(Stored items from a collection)
*** Begin section ***
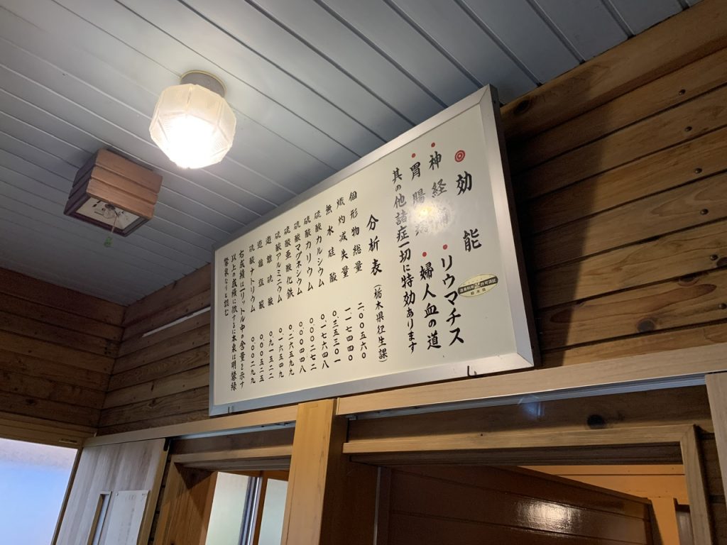 - 泉質:単純鉄冷鉱泉(低張性弱酸性冷鉱泉)
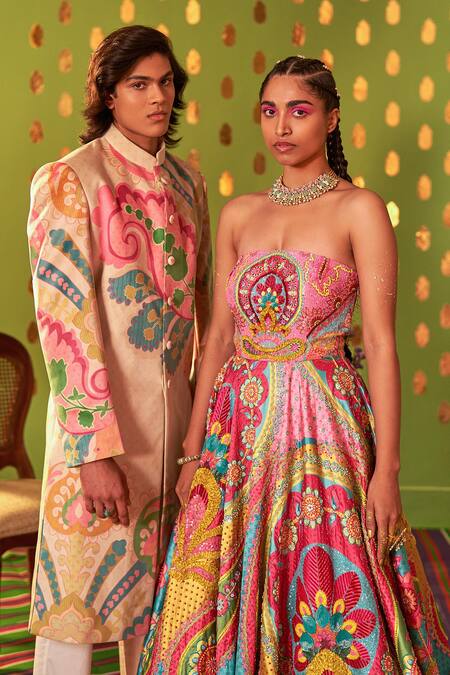 Pink suede velvet sherwani featuring floral abstract printed patterns. Paired with a churidar made of cotton silk.
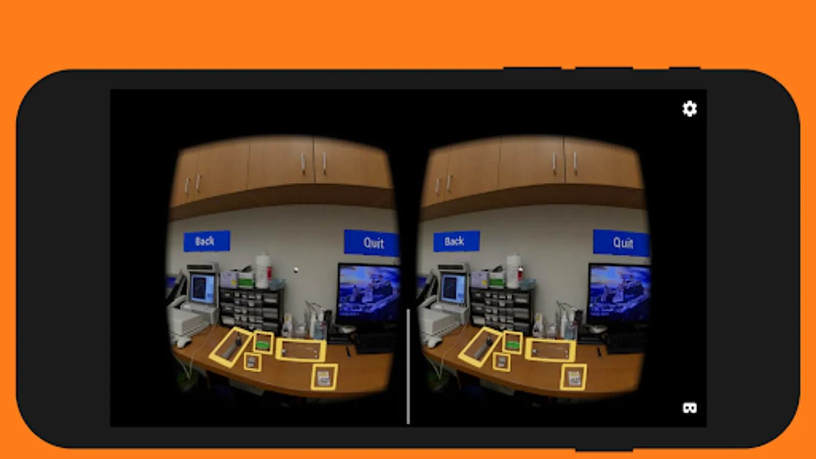 In the application, a simulation occurs where the student must help a patient with their hearing aid. The application’s environment is created from 360-degree videos and embedded with interactive branching stories. The video includes actors/actresses that perform the scripted scenario. During the application, the video pauses and presents the student with choices to select from. Based on the selection, the student progresses in the scenario or is informed they made an error in their selection and returns to an earlier point in the simulation.
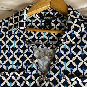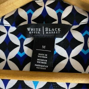 White House|Black Market Dress Womans Medium Collard Chain V Neck Geometric Blue
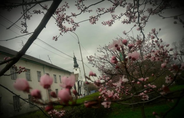 Це диво-дерево, яке росте в самому центрі Мукачева на площі Федорова. Тепло лиш прийшло, а вона встигла розпустити кілька квітів, ніби попереджуючи, що за лічені дні заквітне вся.
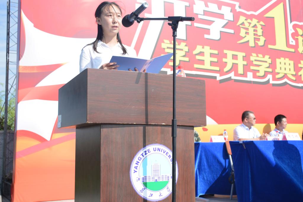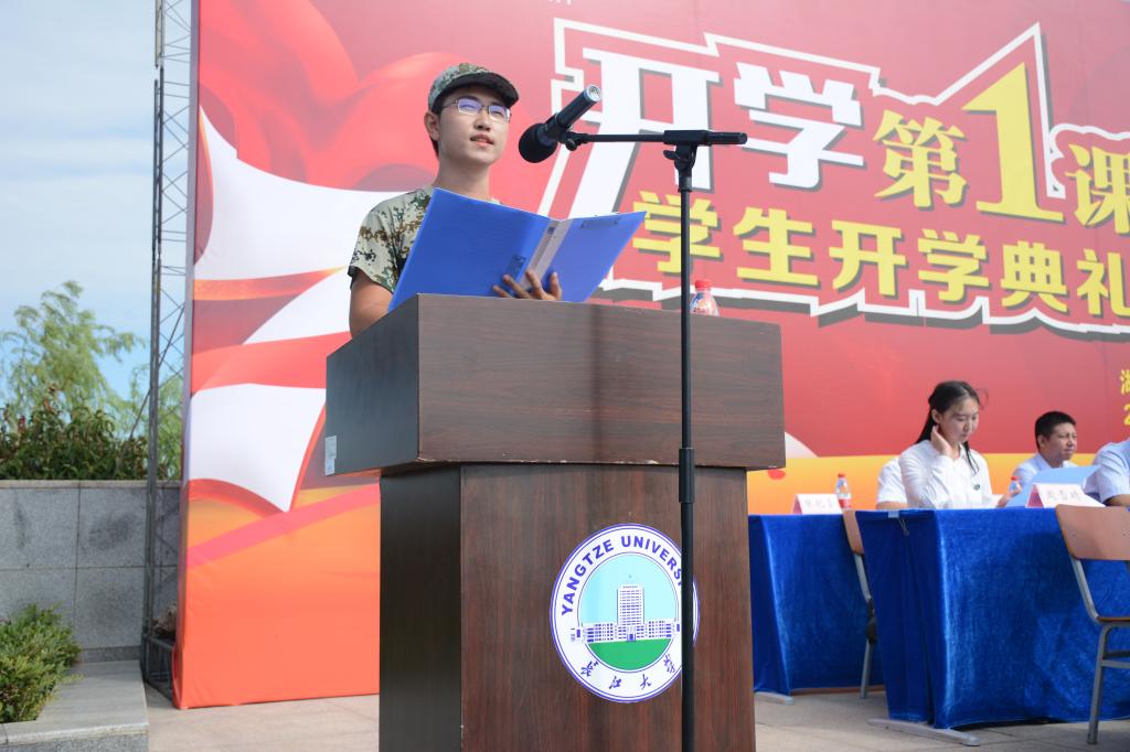 “广纳百川、润泽万物、推陈出新、百折不回。”冯征为大家阐述了“长江精神”所代表的内涵与意义,并借由这短短十六个字向全体新生寄予了殷切期望。冯征表示,希望新生们都可以胸怀宽广、心怀仁爱、创新超越、坚忍不拔,在大学生活中能“乘万里长江之势,养天地浩然之气。”最后,他激励同学们要砥砺奋斗,披荆斩棘,乐观面对各种困难,保持一颗阳光向上的心,更要做到“以青春之我点亮青春之长大,以青春之长大点亮青春之中国!”
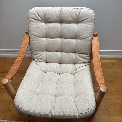 Swedese Bruno Mathsson fåtölj beige tyg med snurrstativ
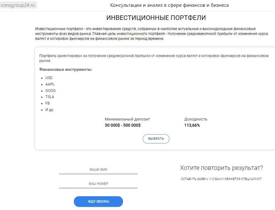 Наиболее выгодная для лохоразводил Консалтинг Групп ловушка - инвестиционные портфели. Минимальные суммы вложений здесь от 30 000 долларов.
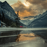 Get this artwork "Sunrise On The Boardwalk At The Fairmont In Lake Louise Alberta Canada" in a framed print.
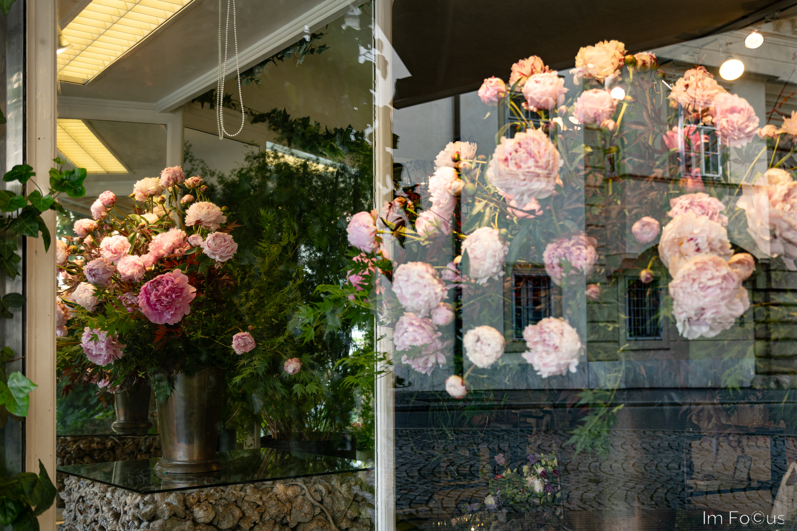 Betritt man die Altstadt durch das Tor an der Erzherzog-Johann-Allee befindet man sich zwischen Burg, Dom und Mausoleum im einstigen Machtzentrum. Die Grabstätte Kaiser Ferdinands II. zählt mit ihren zahlreichen Kuppeln zu den bedeutendsten Monumentalbauten in Österreich. Unmittelbar am Tor beeindruckt der Hofgärtner mit Blumenarrangements in überbordender Fülle. Die mehrfache Spiegelung der Pfingstrosen steigerte den Überfluss zu einem Verwirrspiel.
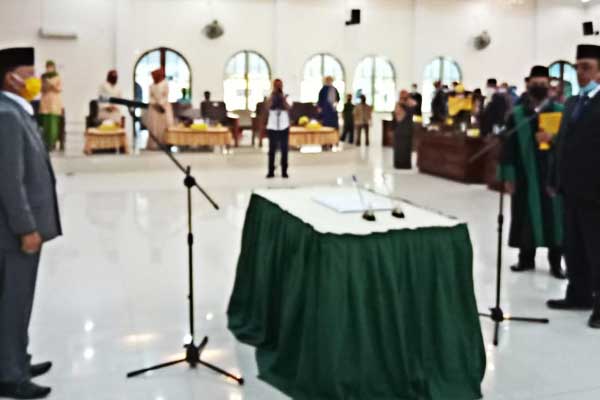 LANGKAT, SUMUTPOS.CO – Ketua DPRD Langkat, Surialam melantik dan mengambil sumpah Safi’i menjadi anggota DPRD menggantikan almarhum Jenda Kita Tarigan dalam sidang paripurna Pergantian Antar Waktu (PAW) masa jabatan 2019-2024 di ruang rapat Paripurna DPRD Langkat, Stabat, Jumat (5/6).
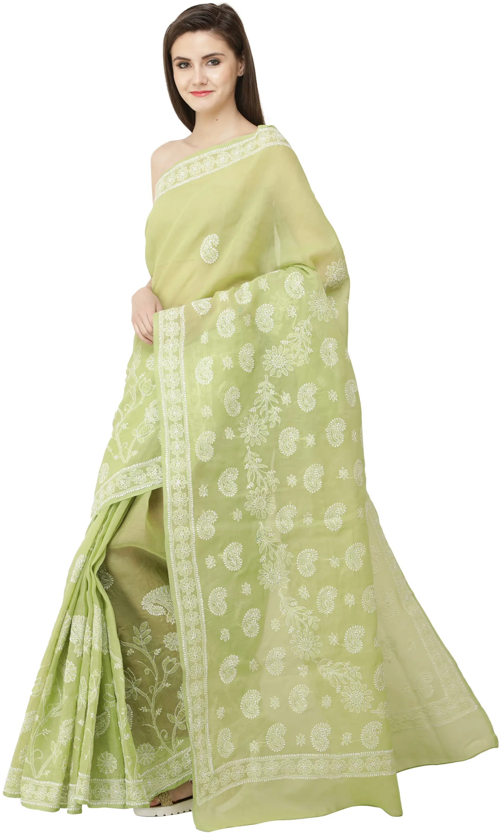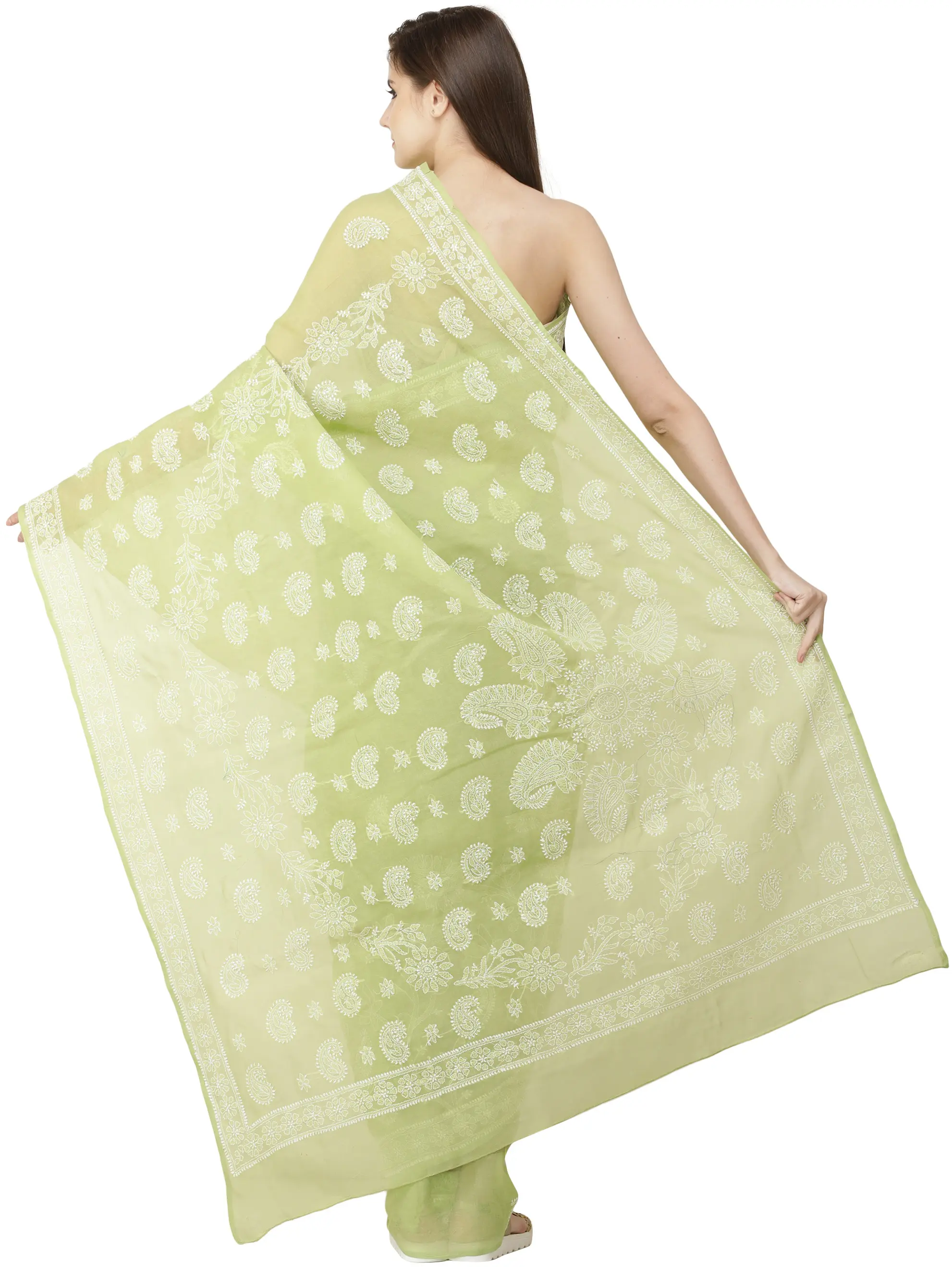 Lily-Green Lukhnavi Chikan Sari with Hand-Embroidered White Flowers and Paisleys
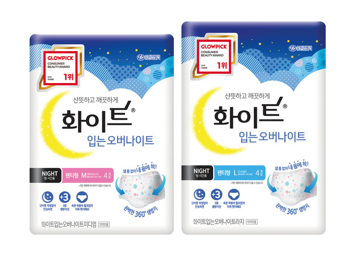 2014년 국내 최초의 팬티형 생리대로 출시된 ‘화이트 입는 오버나이트’는 속옷을 따로 착용할 필요 없이 입을 수 있는 팬티형 생리대로 밤새 뒤척여도 샐 걱정이 없도록 설계된 제품이다.
*** End section ***
▸ Prompt
The entries above are to be repeated in full, except for their pictures.

▸ Answer to this task
 - 泉質:単純鉄冷鉱泉(低張性弱酸性冷鉱泉)
 Pink suede velvet sherwani featuring floral abstract printed patterns. Paired with a churidar made of cotton silk.
 In the application, a simulation occurs where the student must help a patient with their hearing aid. The application’s environment is created from 360-degree videos and embedded with interactive branching stories. The video includes actors/actresses that perform the scripted scenario. During the application, the video pauses and presents the student with choices to select from. Based on the selection, the student progresses in the scenario or is informed they made an error in their selection and returns to an earlier point in the simulation.
 White House|Black Market Dress Womans Medium Collard Chain V Neck Geometric Blue
 Це диво-дерево, яке росте в самому центрі Мукачева на площі Федорова. Тепло лиш прийшло, а вона встигла розпустити кілька квітів, ніби попереджуючи, що за лічені дні заквітне вся.
 “广纳百川、润泽万物、推陈出新、百折不回。”冯征为大家阐述了“长江精神”所代表的内涵与意义,并借由这短短十六个字向全体新生寄予了殷切期望。冯征表示,希望新生们都可以胸怀宽广、心怀仁爱、创新超越、坚忍不拔,在大学生活中能“乘万里长江之势,养天地浩然之气。”最后,他激励同学们要砥砺奋斗,披荆斩棘,乐观面对各种困难,保持一颗阳光向上的心,更要做到“以青春之我点亮青春之长大,以青春之长大点亮青春之中国!”
 Swedese Bruno Mathsson fåtölj beige tyg med snurrstativ
 Наиболее выгодная для лохоразводил Консалтинг Групп ловушка - инвестиционные портфели. Минимальные суммы вложений здесь от 30 000 долларов.
 Get this artwork "Sunrise On The Boardwalk At The Fairmont In Lake Louise Alberta Canada" in a framed print.
 Betritt man die Altstadt durch das Tor an der Erzherzog-Johann-Allee befindet man sich zwischen Burg, Dom und Mausoleum im einstigen Machtzentrum. Die Grabstätte Kaiser Ferdinands II. zählt mit ihren zahlreichen Kuppeln zu den bedeutendsten Monumentalbauten in Österreich. Unmittelbar am Tor beeindruckt der Hofgärtner mit Blumenarrangements in überbordender Fülle. Die mehrfache Spiegelung der Pfingstrosen steigerte den Überfluss zu einem Verwirrspiel.
 LANGKAT, SUMUTPOS.CO – Ketua DPRD Langkat, Surialam melantik dan mengambil sumpah Safi’i menjadi anggota DPRD menggantikan almarhum Jenda Kita Tarigan dalam sidang paripurna Pergantian Antar Waktu (PAW) masa jabatan 2019-2024 di ruang rapat Paripurna DPRD Langkat, Stabat, Jumat (5/6).
 Lily-Green Lukhnavi Chikan Sari with Hand-Embroidered White Flowers and Paisleys
 2014년 국내 최초의 팬티형 생리대로 출시된 ‘화이트 입는 오버나이트’는 속옷을 따로 착용할 필요 없이 입을 수 있는 팬티형 생리대로 밤새 뒤척여도 샐 걱정이 없도록 설계된 제품이다.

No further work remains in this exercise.